There I stand before the students opening my mouth with nothing coming out. Also I tend to not be wearing shoes for some reason (having no clothes at all would be too clichéd). I struggle to reach my feet to put on the shoes which appear in my hand. And when I finally speak, I’ve forgotten what I needed to talk about.

I regress into my early attempts as a teacher to be relatable. I try to tell a joke, do a funny voice, or smile. The children appreciate this. They laugh a bit. I become insecure. Are they laughing at the joke? Or are they laughing at me? After all, I’m standing there bare-footed trying to be buddies with them.

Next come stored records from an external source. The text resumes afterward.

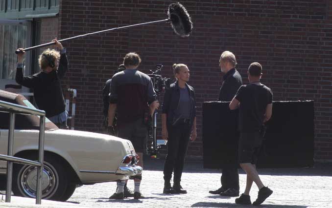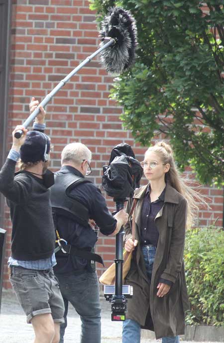 Das Filmset von „Helen Dorn“ am 10. August 2021 auf dem Betriebsgelände des Zolls und der Berufsfachschule der Feuerwehr Hamburg. Anna Loos und Peter Lohmeyer unterhalten sich. Foto: FoTe Press
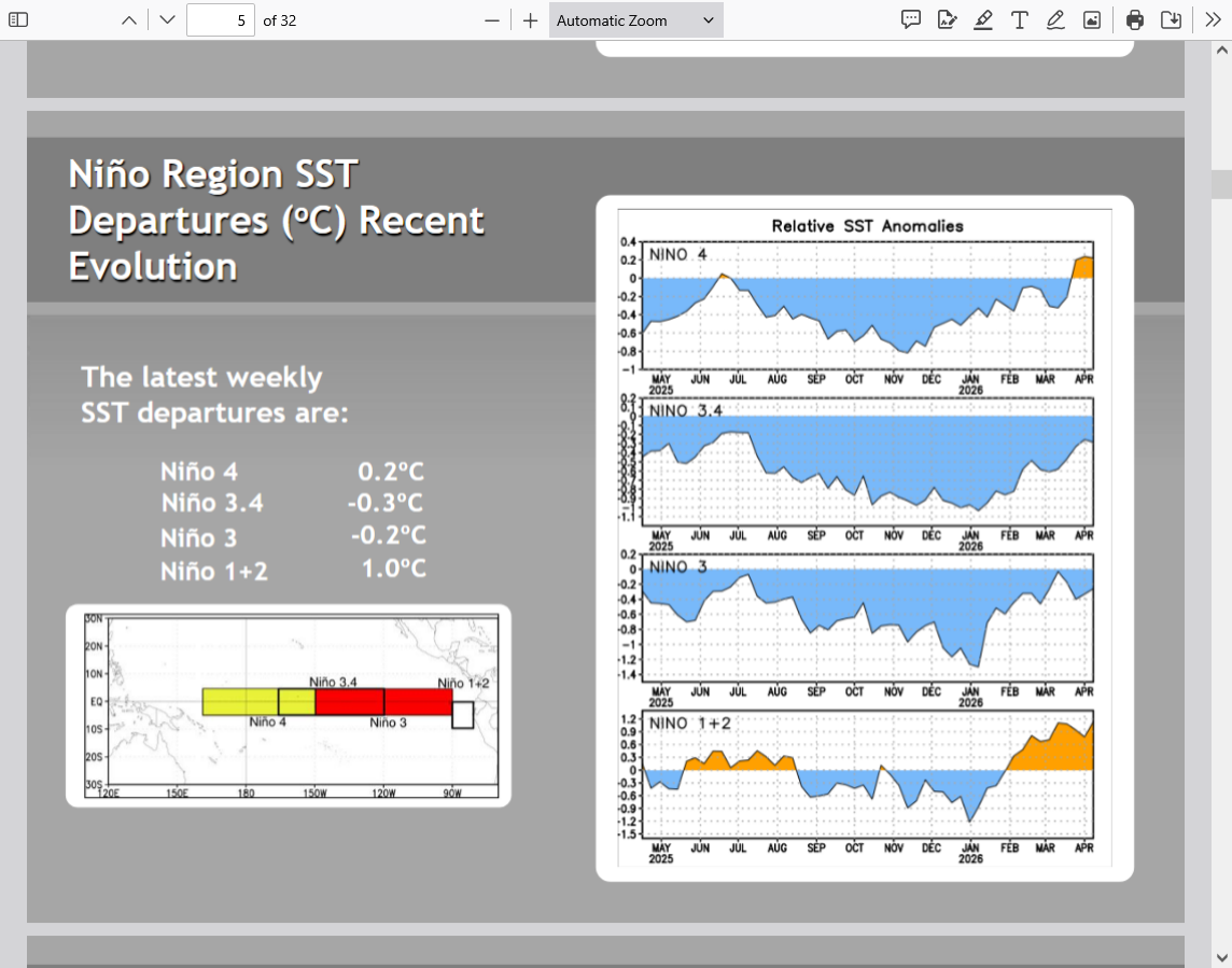 This is my forecast right now, in fact, El Nino by AMJ is possible.
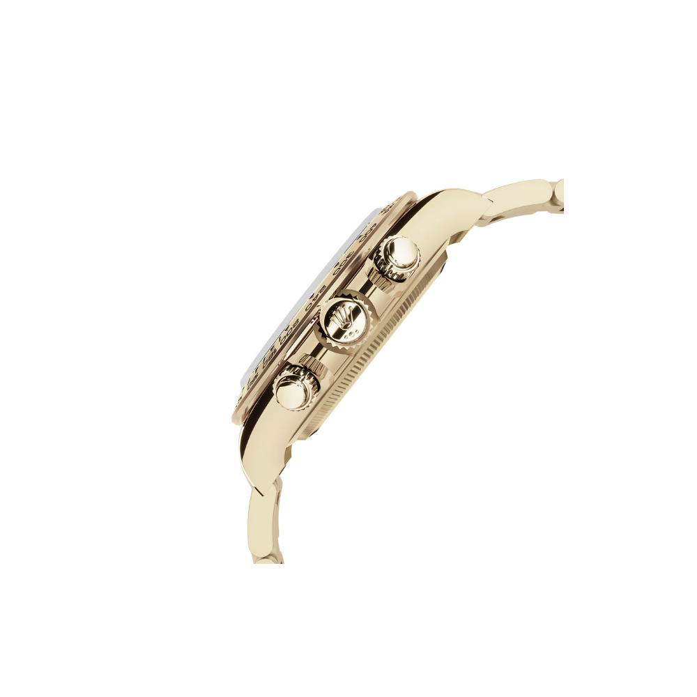 The Rolex Cosmograph Daytona 40 mm Ref. 126508‑0003 is a luxurious chronograph crafted entirely in 18 ct yellow gold. This opulent model features a bright black dial set with diamonds, golden accents, and a tachymetric bezel, making it both a statement of prestige and a high-performance timing instrument for motorsport enthusiasts.
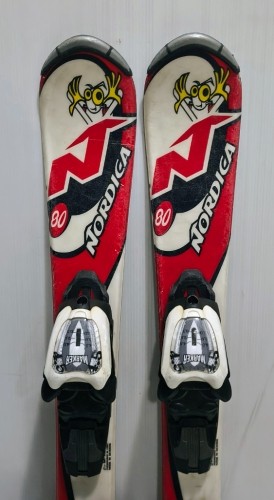 Použité lyže Nordica Nordy 80 cm, s viazaním Marker 4.5. Používané detské lyže v dobrom stave.
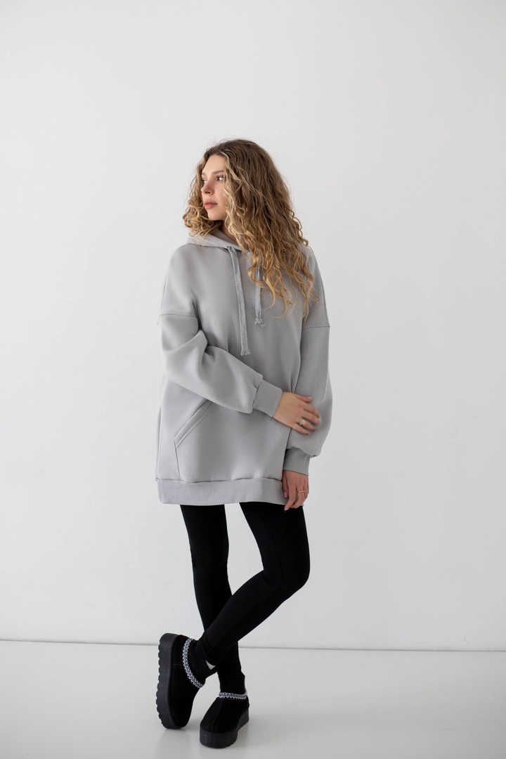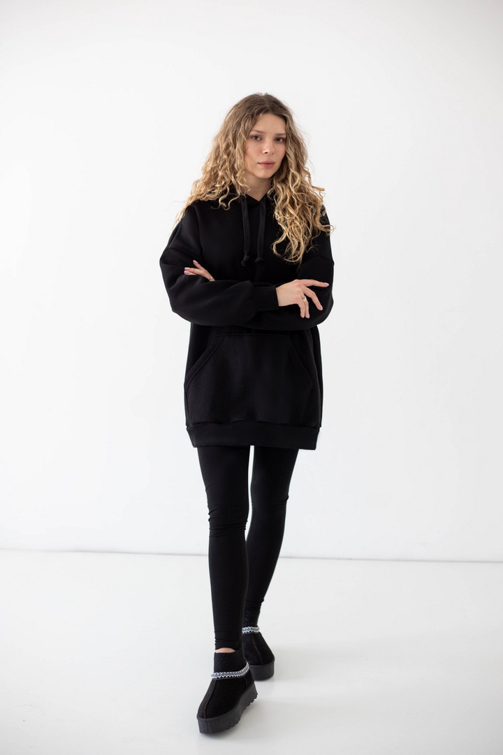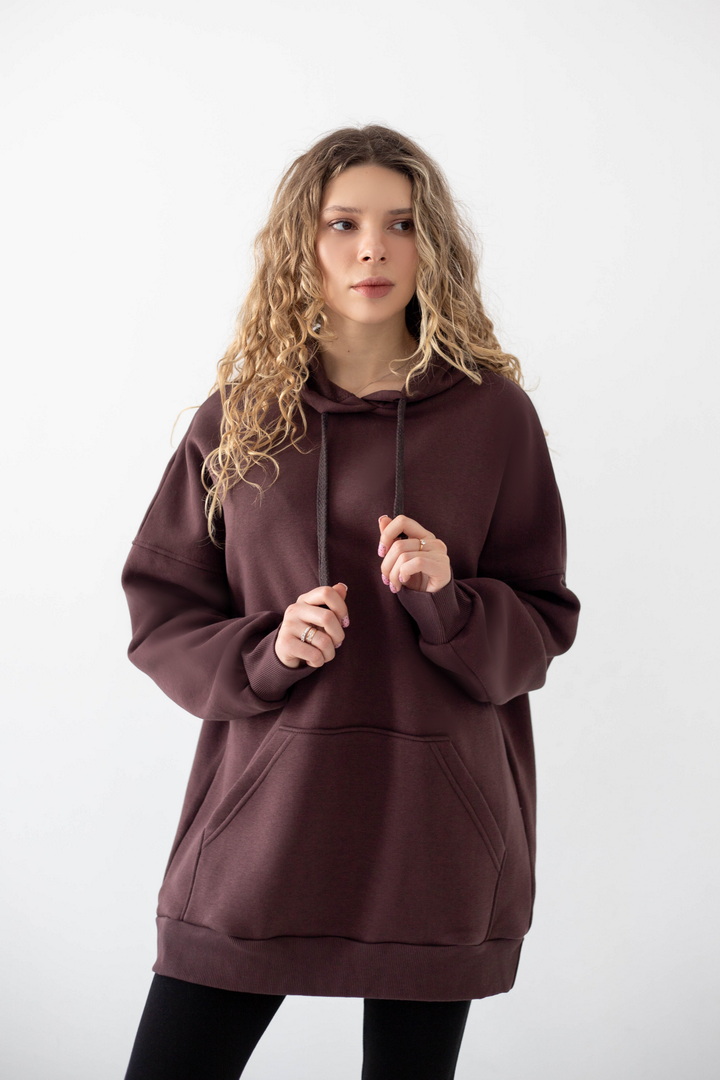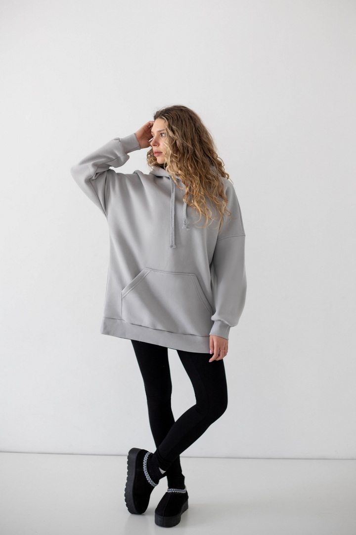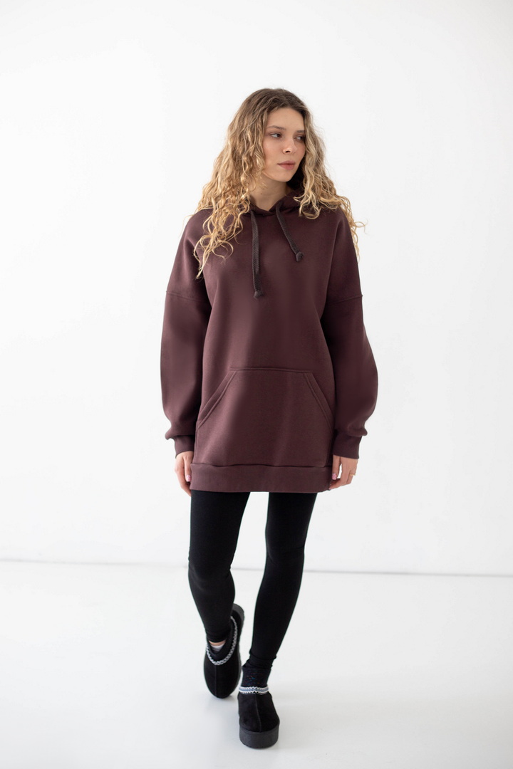 Худі для жінок у стилі "Оversize" виготовлений з полотна "Футер тринитковий з начосом". М'який трикотаж забезпечує приємні тактильні відчуття та добре тримає форму. Худі - це один із найпопулярніших видів толстовок, головні переваги - це вільний крій, капюшон, кишені на кшталт "кенгуру". Така річ є універсальною, подарує комфорт та зручність у використанні. Ідеально поєднується з джинсами, спортивними штанами чи легінсами, створюючи сучасний повсякденний образ.
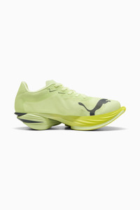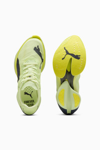 PRODUCT STORY Fast-R3 is the fastest running shoe we’ve ever made – data-back, lab-tested, and built for breakthroughs. After testing it on elite runners and real athletes, we digitally engineered and optimized the product fully based on data. Fast-R3 is designed to shave minutes off your race time. With its 3.15% improved running economy*, this translates to an unprecedented potential marathon time saving of more than 4 minutes and 30 seconds, for a 3 hour marathon runner. We cut 95g from its predecessor, stacked it higher with new and improved NITROFOAM™ ELITE, and extended the carbon PWRPLATE for maximum propulsion. *Compared to the PUMA Fast-R NITRO™ Elite 2 FEATURES & BENEFITS - ULTRAWEAVE: Premium lightweight material engineered for breathability - NITROFOAM™ ELITE: Innovative nitrogen-infused foam technology that offers exceptional energy return, unbeatable speed, and greater long-distance comfort for race-day - PWRPLATE: Extended carbon fiber plate for powerful propulsion and elite efficiency DETAILS - Style: 312061_06 - Color: Apple Spritz-Deep Plum - Regular fit - Stack height: 40mm/32mm - Heel-to-toe drop: 8mm - Cushioning: max - Recommended for: neutral pronators - Lifespan: 150km MATERIAL INFORMATION - Midsole: 100% Synthetic - Sockliner: 100% Textile - Outsole: 90% Rubber, 10% Synthetic - Upper: 80% Textile, 20% Synthetic - Lining: 100% Textile
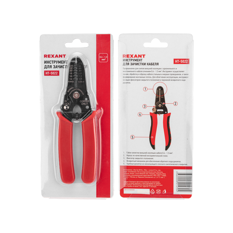 Стриппер HT-5022 предназначен для снятия внешней изоляции одножильного и многожильного кабеля сечением 0,5–1,6 мм². Также инструмент осуществляет зажим, обработку и обрезку кабеля стальных и медных проводников, формирование монтажных петель.
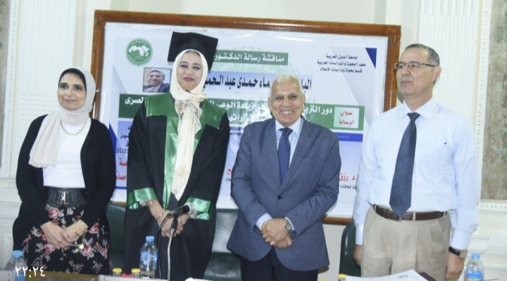 وفي مشهد علمي مهيب، توّجت الزميلة شيماء حمدي قنديل – نائب رئيس تحرير جريدة “أخبار اليوم” – يوم الإثنين الموافق 23 يونيو 2025م، مسيرتها الأكاديمية بحصولها على درجة الدكتوراه بتقدير عام “امتياز مع مرتبة الشرف الأولى”، من قسم الدراسات الإعلامية بـ”معهد البحوث والدراسات العربية” التابع لجامعة الدول العربية، عن رسالتها العلمية المتميزة بعنوان:
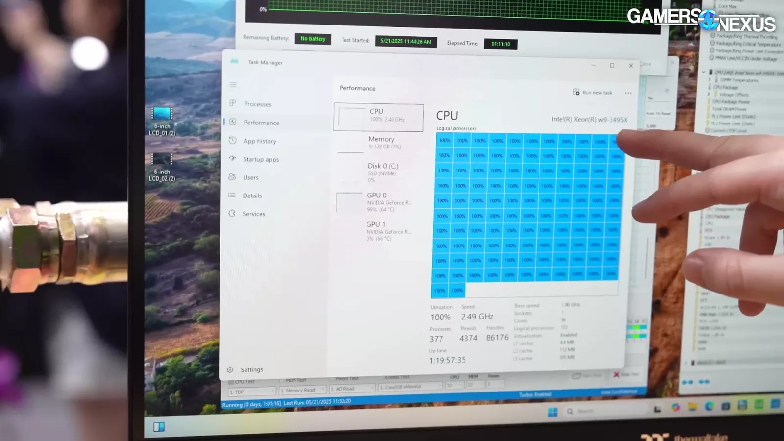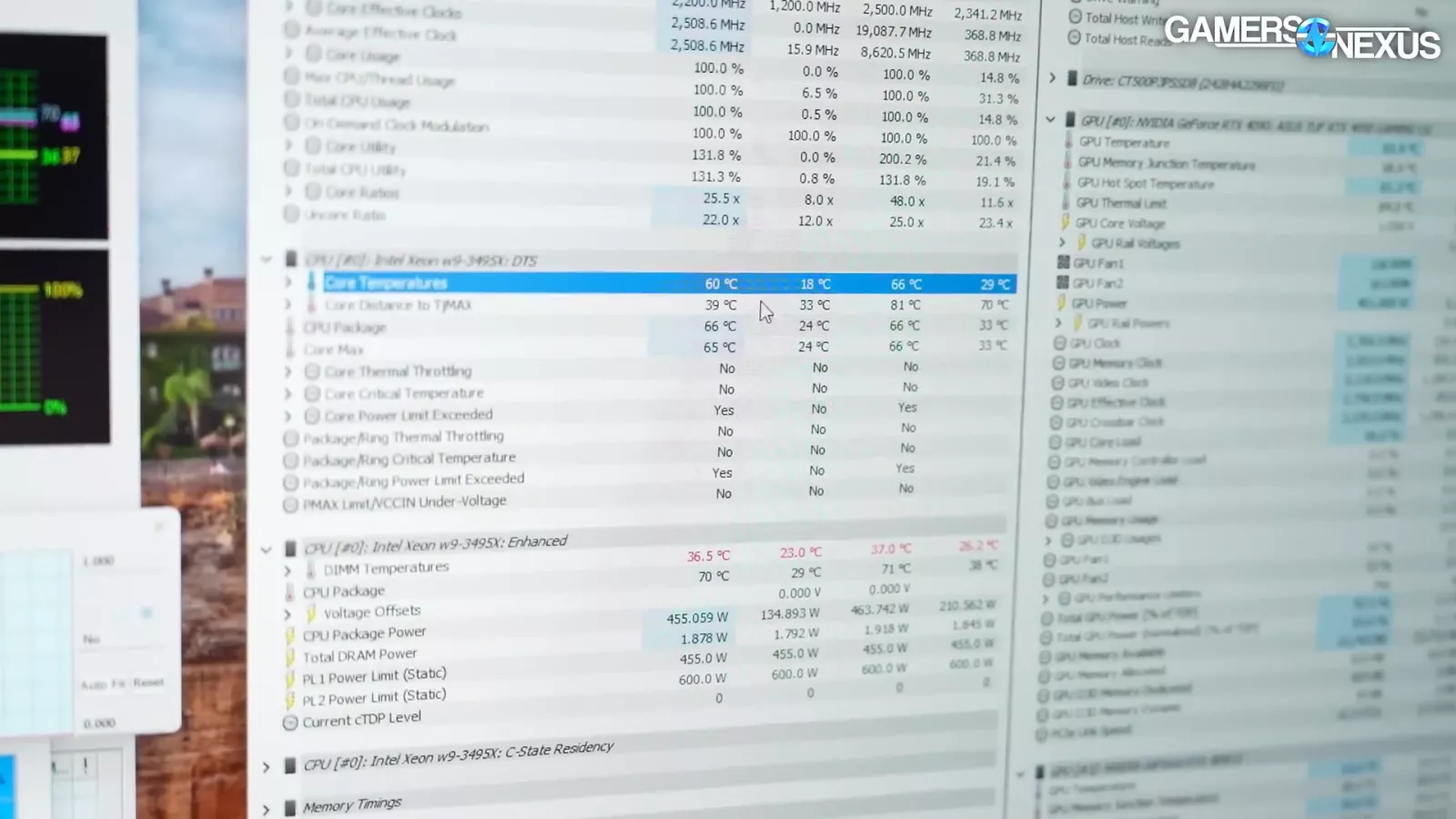 The PC had its CPU, an Intel Xeon w9-3495X, and GPU both at 100% load. CPU core temperature clocked in at about 60 degrees C and the GPU was about 64 degrees C. We estimate that the room the computer was in felt about 23 degrees C.

A child stands up and yells something. It’s indecipherable, as with many things in dreams. That being said, many children are indecipherable when they yell things in reality. I panic because he’s standing on classroom furniture. If my boss comes in they’ll wonder what’s going on. They’ll discover I’m a fraud who forgot to put his shoes on, cracks jokes with his students and has mistaken the school desks for climbing frames.

Luckily no one enters. But the children are still laughing. It is slowly becoming more manic. I lift up some textbooks to handout. They are too heavy. They feel like lead. I grab a pile of worksheets. They are also heavy, but more like a pile of aluminium sheets than lead. So I manage to lift one worksheet at a time to circulate them around the class.

No one is paying attention to what I’m doing. They walk around the room like zombie hyenas, unable to stop laughing. Perhaps if I get all these worksheets distributed they’ll start working. Yet, handing out one sheet at a time is completely inefficient. Five sheets in, I realise it will be the end of class before I’ve even finished placing all 32 worksheets on the desks.

I’m stuck with the remaining 27 sheets at the back of the room. I can’t make my way towards the whiteboard. There’s a young girl showboating at the front of the room, drawing obscene images on the board in permanent marker, strutting up and down the carpet space.

I begin asking the students to ‘calm their farms’. They get louder and louder. I get louder and louder to be heard. The chaos feels as though it will spill out of the classroom. I’ll be discovered as a failure. I won’t be allowed to teach again.

I shout more and more. They refuse to listen. The laughter turns to jeering.

The walls of the room begin shifting. The windows narrow, there are sofas on the side of the room, a television appears at the side broadcasting an episode of The Simpsons; I’m at home in my flat. But so are the children. They’ve infiltrated my personal sanctuary. I’m repulsed.

I look out the window for sweet relief. There it is a garden full of green ferns and limestone wall terraces. There’s a swing and a cubby house. Sand begins to cascade from the wall. This is the backyard of my parents from my childhood. Am I relapsing into the security blanket of my own youth? Why is the wall crumbling?

The phone rings. Someone close to me (relative/friend/whoever) has died in a horrible plane accident.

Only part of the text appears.